Task instructions: Exactly the lines below starting at the line with "Благодаря отверстиям в" and ending at the line with "包車前往維瓦爾第度假村,讓您" are wanted, with both ends included. Leave out the pictures and add no other lines.

[Opening Source records section]

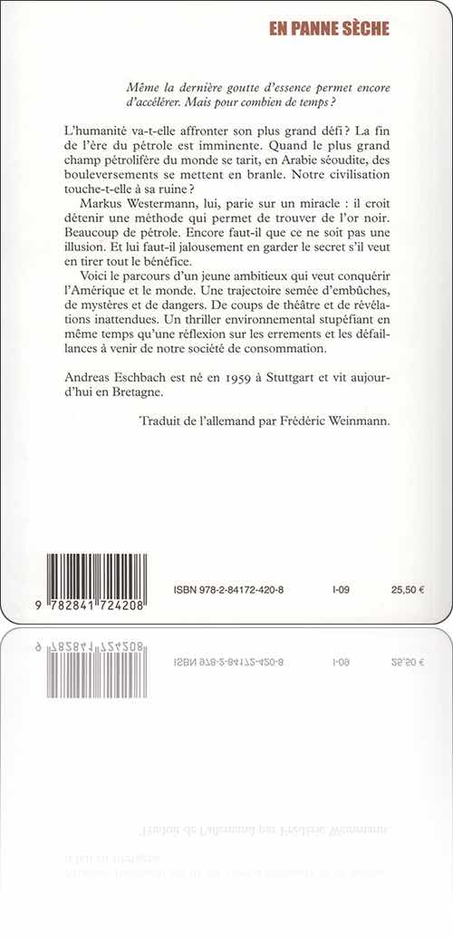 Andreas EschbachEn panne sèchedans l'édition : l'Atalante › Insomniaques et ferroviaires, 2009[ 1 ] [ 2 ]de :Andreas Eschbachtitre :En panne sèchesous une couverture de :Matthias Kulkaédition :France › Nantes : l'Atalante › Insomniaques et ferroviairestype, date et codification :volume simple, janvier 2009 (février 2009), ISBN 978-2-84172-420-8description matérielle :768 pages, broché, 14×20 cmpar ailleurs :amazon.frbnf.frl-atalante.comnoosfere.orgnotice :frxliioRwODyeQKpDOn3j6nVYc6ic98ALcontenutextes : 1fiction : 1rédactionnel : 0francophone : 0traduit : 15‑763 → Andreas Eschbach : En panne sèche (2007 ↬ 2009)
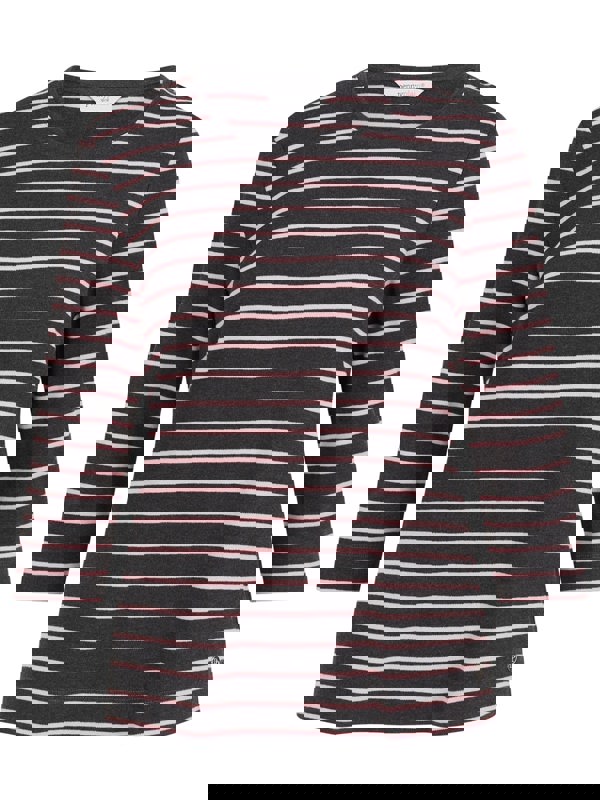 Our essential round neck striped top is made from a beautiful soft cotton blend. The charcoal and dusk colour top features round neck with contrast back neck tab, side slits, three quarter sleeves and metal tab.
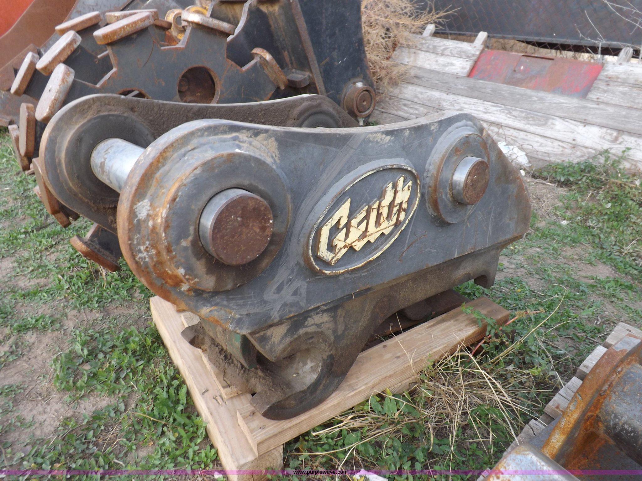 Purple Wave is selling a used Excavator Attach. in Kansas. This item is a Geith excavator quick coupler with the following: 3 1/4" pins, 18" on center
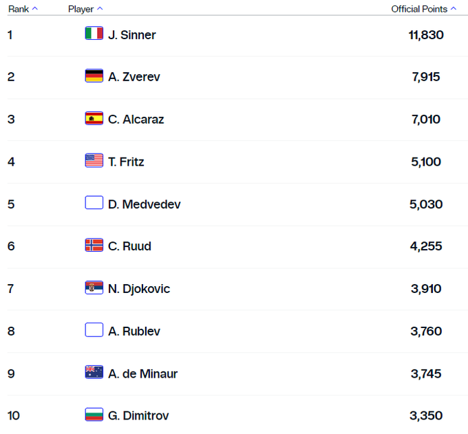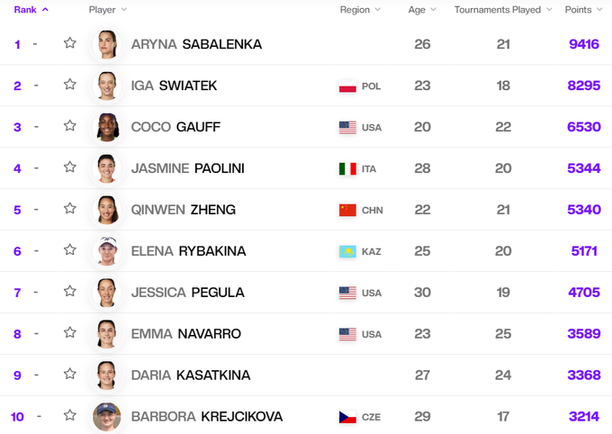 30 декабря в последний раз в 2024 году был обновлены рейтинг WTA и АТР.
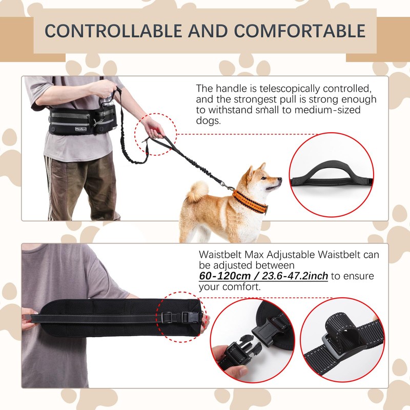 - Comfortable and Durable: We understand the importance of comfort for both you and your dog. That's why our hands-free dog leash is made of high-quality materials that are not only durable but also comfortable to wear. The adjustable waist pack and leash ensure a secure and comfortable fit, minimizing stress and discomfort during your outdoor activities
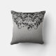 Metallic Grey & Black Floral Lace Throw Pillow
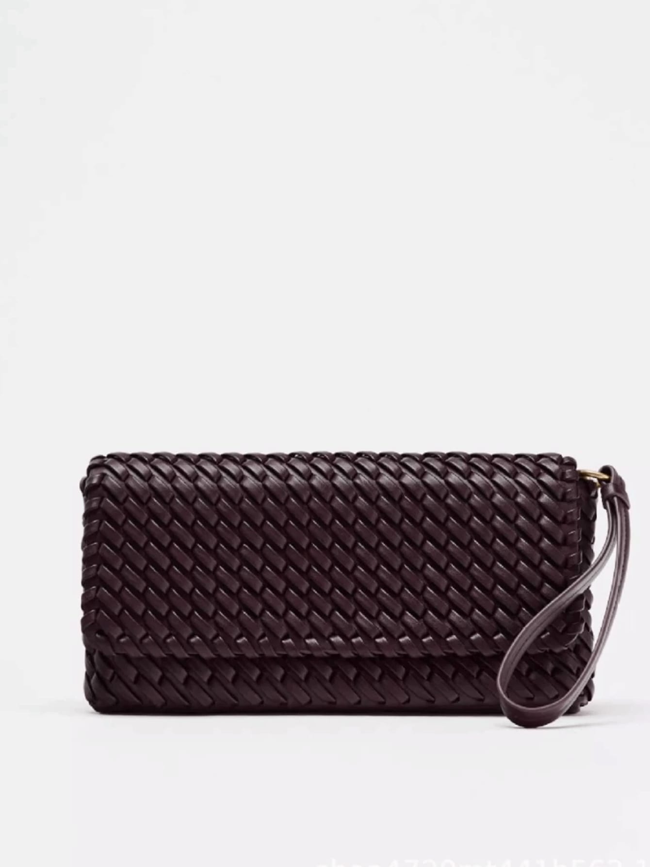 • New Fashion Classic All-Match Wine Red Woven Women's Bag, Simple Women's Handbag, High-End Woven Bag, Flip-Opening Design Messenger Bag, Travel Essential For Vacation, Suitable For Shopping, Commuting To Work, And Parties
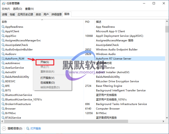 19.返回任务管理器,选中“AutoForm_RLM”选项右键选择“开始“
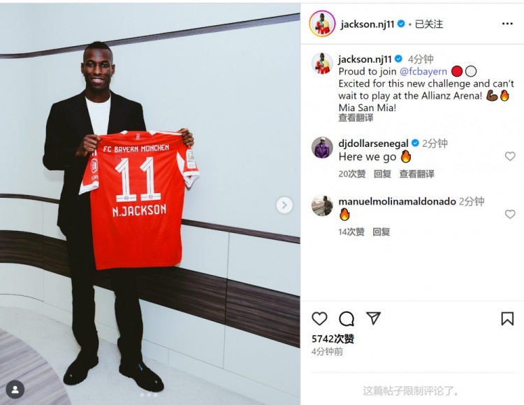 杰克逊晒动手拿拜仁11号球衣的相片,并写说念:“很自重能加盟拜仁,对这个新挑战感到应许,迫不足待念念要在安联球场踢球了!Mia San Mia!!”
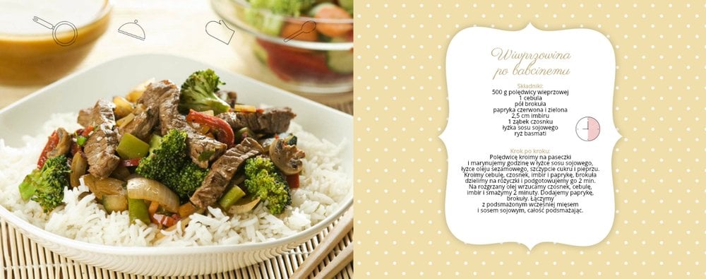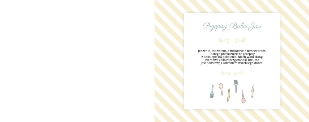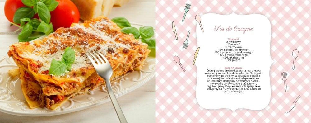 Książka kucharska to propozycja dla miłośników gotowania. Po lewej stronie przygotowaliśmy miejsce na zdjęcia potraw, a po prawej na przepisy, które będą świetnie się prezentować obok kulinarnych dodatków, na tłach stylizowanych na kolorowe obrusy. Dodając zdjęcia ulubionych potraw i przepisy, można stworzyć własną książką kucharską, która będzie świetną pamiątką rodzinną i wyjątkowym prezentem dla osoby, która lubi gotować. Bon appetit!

[Closing Source records section]
[Opening Source records section]

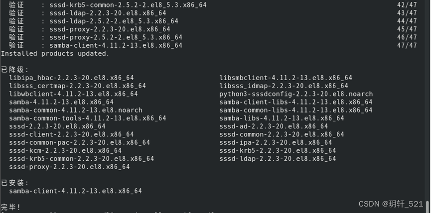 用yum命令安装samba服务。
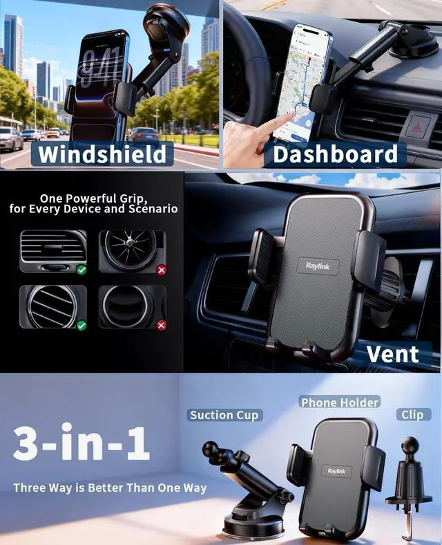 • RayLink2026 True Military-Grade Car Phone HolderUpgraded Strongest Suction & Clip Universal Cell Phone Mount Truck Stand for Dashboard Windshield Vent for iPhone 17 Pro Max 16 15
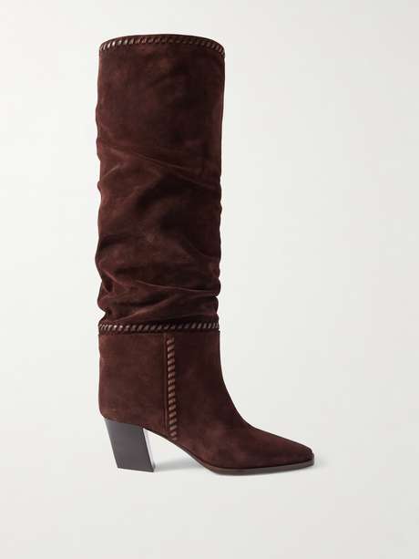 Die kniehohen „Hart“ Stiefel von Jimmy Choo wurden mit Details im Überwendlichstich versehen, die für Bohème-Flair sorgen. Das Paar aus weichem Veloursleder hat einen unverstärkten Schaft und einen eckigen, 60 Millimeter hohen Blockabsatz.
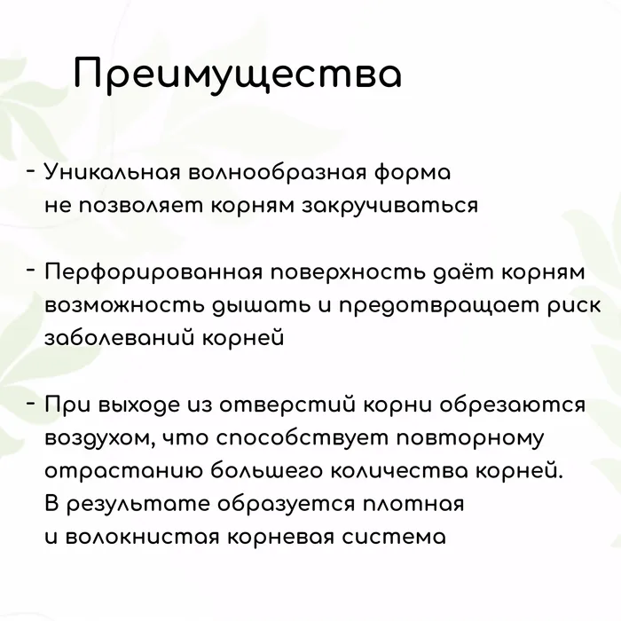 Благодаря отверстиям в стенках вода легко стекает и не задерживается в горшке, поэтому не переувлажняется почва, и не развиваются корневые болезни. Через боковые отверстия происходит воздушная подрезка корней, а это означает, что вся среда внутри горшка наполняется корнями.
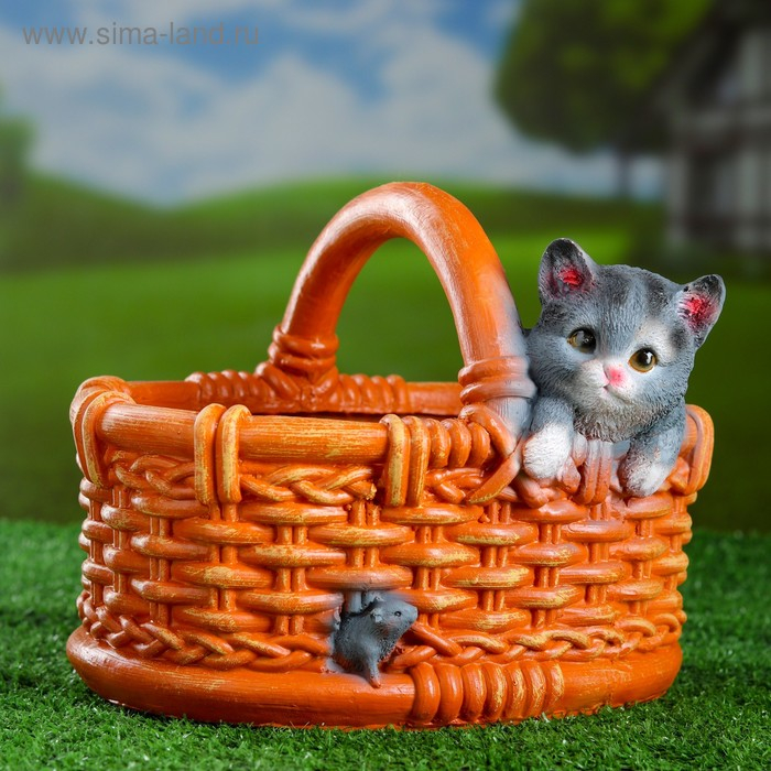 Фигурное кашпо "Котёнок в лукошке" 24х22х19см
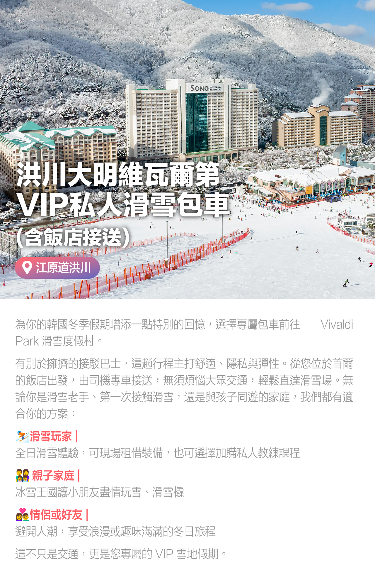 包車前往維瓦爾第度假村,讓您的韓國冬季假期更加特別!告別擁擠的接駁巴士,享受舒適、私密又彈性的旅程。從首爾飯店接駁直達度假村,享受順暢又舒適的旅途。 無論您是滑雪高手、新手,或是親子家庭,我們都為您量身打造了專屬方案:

[Closing Source records section]

Finished task:
 Благодаря отверстиям в стенках вода легко стекает и не задерживается в горшке, поэтому не переувлажняется почва, и не развиваются корневые болезни. Через боковые отверстия происходит воздушная подрезка корней, а это означает, что вся среда внутри горшка наполняется корнями.
 Фигурное кашпо "Котёнок в лукошке" 24х22х19см
 包車前往維瓦爾第度假村,讓您的韓國冬季假期更加特別!告別擁擠的接駁巴士,享受舒適、私密又彈性的旅程。從首爾飯店接駁直達度假村,享受順暢又舒適的旅途。 無論您是滑雪高手、新手,或是親子家庭,我們都為您量身打造了專屬方案:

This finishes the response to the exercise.